The generalized Nash equilibrium problem (GNEP) is a noncooperative game in which the strategy set of each player, as well as his payoff function, depend on the rival players strategies. As a generalization of the standard Nash equilibrium problem (NEP), the GNEP has recently drawn much attention due to its capability of modeling a number of interesting conflict situations in, for example, an electricity market and an international pollution control. In this paper, we propose an improved two-step (a prediction step and a correction step) method for solving the quasi-variational inequality (QVI) formulation of the GNEP. Per iteration, we first do a projection onto the feasible set defined by the current iterate (prediction) to get a trial point; then, we perform another projection step (correction) to obtain the new iterate. Under certain assumptions, we prove the global convergence of the new algorithm.

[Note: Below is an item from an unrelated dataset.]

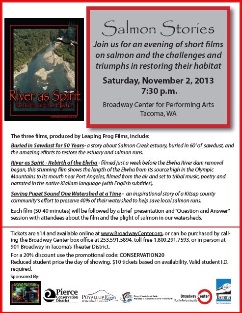 Salmon Stories, an evening of short films on salmon and the challenges and triumph of restoring their habitat in Tacoma, November 2nd 7:30 p.m. at the Broadway Center for Performing Arts in Tacoma.

We also present some numerical results to illustrate the ability of our method, which indicate that our method outperforms the most recent projection-like methods of Zhang et al. (2010).

Suggested Citation

  • Han, Deren & Zhang, Hongchao & Qian, Gang & Xu, Lingling, 2012. "An improved two-step method for solving generalized Nash equilibrium problems," European Journal of Operational Research, Elsevier, vol. 216(3), pages 613-623.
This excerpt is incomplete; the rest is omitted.